In rationalizing his wager, Blaise Pascal employs hollow tautologies which are reflective of the world and time in which he lived. Verse 229 cites the natural world as evidence of the existence of a God, which in itself isn't wholly irrational based on the observable evidence, but Pascal switches without explanation from speaking of “a God” in 229 to speaking of “God” in 230. He provides no mechanism or explanation for why the creator of existence must necessarily be the specific Christian god in which he believes. By asserting that our own existence, as a part of nature, is irrefutable evidence for the awesome power of the Christian god Abba, Pascal surely knew that he was in conflict with most other world religions who used existence to prove the superior power of their deity of choice. Brahmins, Allah, Abba... using our creation as proof that these gods created us, can be neither proven nor disproven.

In deriding atheists, Pascal espouses hatred for their disbelief. Hatred is a strong emotion and it seems to discourage critical thought, which is a tenuous position for a philosopher. To explain the apparent conviction of his faith, it might help to examine his surroundings. Living in France under Louis XIV, piety to Rome was unquestionable. With a monarch who decreed in 1685 that “we enjoin all of our officers to chase from our islands all the Jews who have established residence there,” a prominent thinker of the time might offer up praise of the state-approved religious figures and heap criticism upon their doubters in an effort to help ensure the favor of the kingdom. More than 350 years after his death, we'll probably never know whether Pascal's faith was meant to appease the state or whether it was sincerely-held.

My writing to this point suggests the evolution of my own belief system. I was born into a family that regularly attended mass at a Roman Catholic church in a small city in New Hampshire, and I did not question the doctrine until – ironically – I was required to study theology at my Catholic high school. Being taught in one classroom to understand how atoms are constructed and interact with one another, then switching to a different classroom where we were marked down for asking, ”why” led to a cognitive dissonance which I could not accept. I eventually decided that atheism was equally dogmatic because it flatly refused to accept the possibility of the existence of a higher power. Today, when the question comes up, I identify as a deist: I believe that something created the universe, but I reject any explanation that relies on faith or threats rather than evidence.

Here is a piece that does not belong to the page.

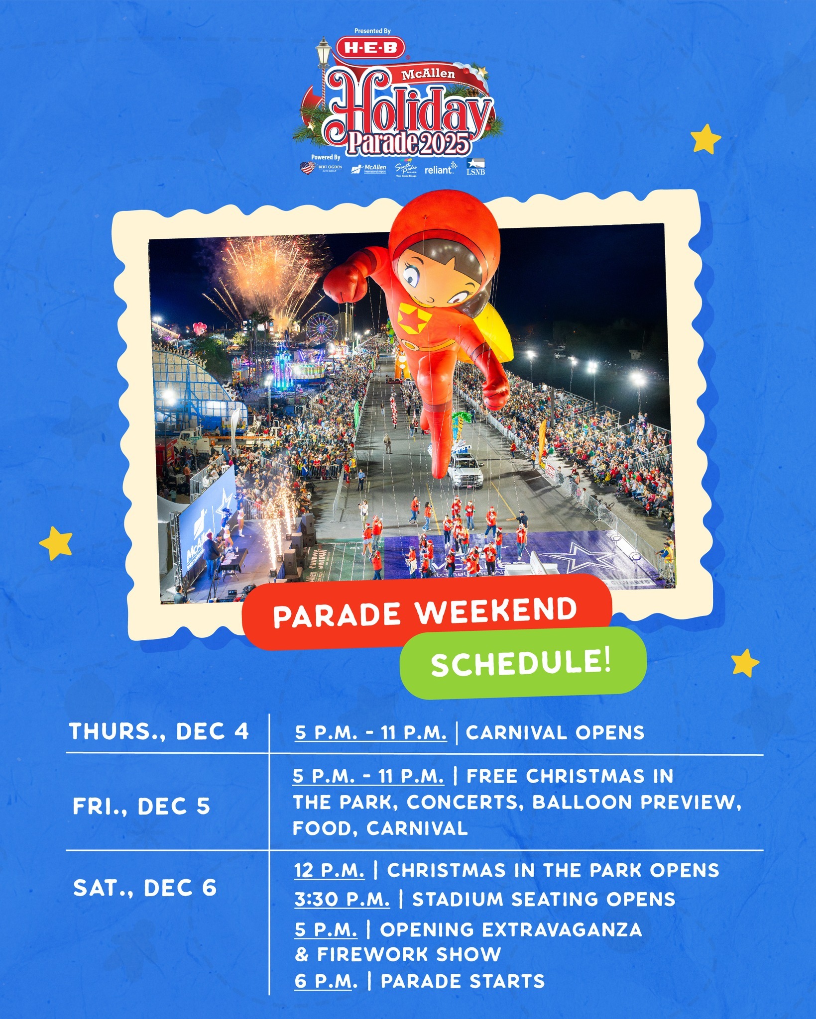The City of McAllen thanks all residents and visitors for their patience and support as we prepare to welcome thousands to the largest and most spectacular holiday parade in the region. We look forward to celebrating safely and joyfully with our community.
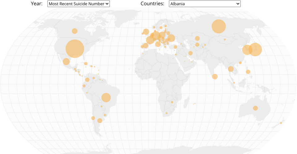 A world map showing suicide data provided by World Health Organization that has a drop down menu used to change the year.

I recognize my insignificance to the universe and understand that defending any such explanation would be embarrassingly arrogant.

By recognizing my own incompetence – which has been made much easier by studying at Sciences Po – I see that any offer of pity which I might make is in itself pitiful, because its sincerity would require that I be substantially superior to the person to whom it was offered. Do I really want to assert that, considering the vastness of the universe, I am really that much better than a human being who checked a box next to the name of the former governor of Alaska who once famously held up her executive control over the Aleutian Islands as evidence of her foreign policy experience?

In a quotation often misattributed to Mark Twain, American humorist Josh Billings wrote in 1874 that, “I honestly believe it is better to know nothing than to know what ain't so.” When I look around at all of the atrocities of the world, they seem to just about always be committed by actors who are absolutely certain of something what just ain't so, and so I elect to embrace my ignorance and not be bothered by the ignorance of others.